Но чем больше было кривотолков и слухов, тем шире были распахнуты ворота дома, а чисто выметенный двор и разукрашенные комнаты не могли вместить всех любопытствующих. Софка все это предвидела и держалась стойко. Она заранее знала, какие ей придется выносить шуточки и расспросы, имеющие цель потихоньку выведать, действительно ли она счастлива, действительно ли любит жениха, еще сущего ребенка! Знала, что самые грязные и сальные насмешки будут отпускать ее ближайшие подруги и сверстницы. И потому Софка всегда появлялась в самом роскошном своем одеянии – тяжелых шальварах, красных как кровь, с серебряным шитьем вокруг карманов и вдоль штанин. Грудь ее закрывала нитка дукатов, подаренная Марко и вызывавшая, как она понимала, больше всего изумления. Софка принимала гостей с горящими глазами и пунцовыми губами, на которые она не жалела помады, так как знала, что это будет истолковано как проявление любви и счастья.
Вечером, утомившись от гостей, Софка ложилась на тахту, служившую ей постелью. Магда, низко склонившись над стоявшим около нее низеньким столиком, пыталась заставить ее поесть – в течение дня Софка ничего не брала в рот.

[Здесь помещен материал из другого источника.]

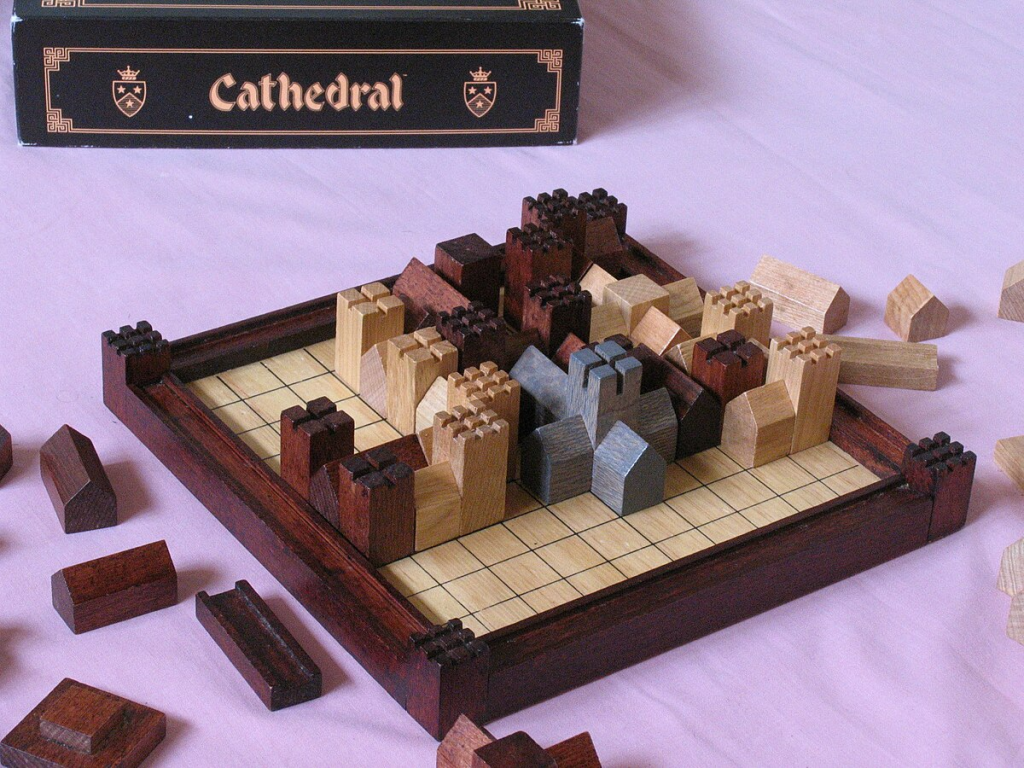This two-player strategy game was designed by Robert Moore and published in 1979. The game starts with one player placing the game’s cathedral on a 10x10 gridded board, after which players alternate placing buildings of their color, attempting to close off areas and claim territory and use as many of their pieces as possible. Claiming areas removes opposing pieces trapped within them, sending them back to an opponent’s hand. At the end of the round, players score points for each building they still hold, and the goal is to have the lowest score possible. Cathedral is a fun, strategically-challenging game with an evocative design. It’s absolutely an underappreciated gem, but one that’s been receiving a bit more attention with recent publications.

Всю ночь Магда сидела, подремывая, возле нее, якобы чтоб быть под рукой, если что понадобится, на самом же деле охраняя ее. Потому что, хотя Софка и старалась держать себя в руках, каждую ночь ее била лихорадка. Она теряла представление о времени и чувствовала, что вся горит. Изо рта вырывалось горячее дыхание. Она поворачивала голову к окну и отчетливо видела, как на небе, в облаках, появляется он, могучий, высокий, с сильными руками. Вот он приближается к ней. Берет ее на руки и, не сгибаясь, – такой он сильный! – прижимает к себе и целует. Все это было так явственно, что она даже чувствовала прикосновение его лица.
Тогда она вскакивала и, обомлевшая, вне себя от страха, хватала Магду за руку, показывая в окно на небо.
– Магда, видишь?
Магда, ничему не удивлявшаяся, смачивала ей лоб водой и проводила мокрым полотенцем по губам. Софка приходила в себя, ей становилось стыдно, она ложилась ничком и приказывала:
– Магда, укрой меня. Спать хочу!
Наутро, при свете дня, Софка уже не испытывала к себе такой жалости, потому что видела, что ее жертва и ночные муки не напрасны, по крайней мере она осчастливила родителей. Дом принял свой прежний, столь знаменитый вид, блестящий, умиротворенный и торжественный. Отец немного приоделся; нового шить не хотел, чтобы не сказали, что это на деньги, полученные Софкой от свекра. Целый день эфенди Мита проводил дома. Ходил по двору и саду, присматривая за всем и наводя порядок. Дольше всего он задерживался в погребе, где стояли бочки с вином, присланные сватом Марко; что ни день он просил прислать еще то, что особенно пришлось ему по вкусу. Когда приближалось время обеда, отец приходил в нетерпение. Сам шел на кухню, топтался около очага, пробовал кушанья и указывал Магде или матери, как и что лучше приготовить, какой кусок мяса оставить для него и как поджарить… А мать, неизменно в парадном платье, не поднимая головы, печет пирожные, колет сахар, жарит кофе – по кухне нельзя и шагу сделать, не наступив на сахар или кофейное зерно. Стенные шкафы, полки и подоконники нижней комнаты завалены остатками слоеных пирогов, пирожных и локума. И все из-за отца. Понравятся ему пирожные, а съесть-то все не под силу, он и приказывает оставить ему на завтра. Но завтра он уже их не ест. На следующий день ему приглянулись другие пирожные или пироги, и он снова приказывает оставить на завтра. И вот набралось столько снеди, что весь дом, особенно нижний этаж, большая комната и кухня, пропах тяжелым, жирным, приторным запахом.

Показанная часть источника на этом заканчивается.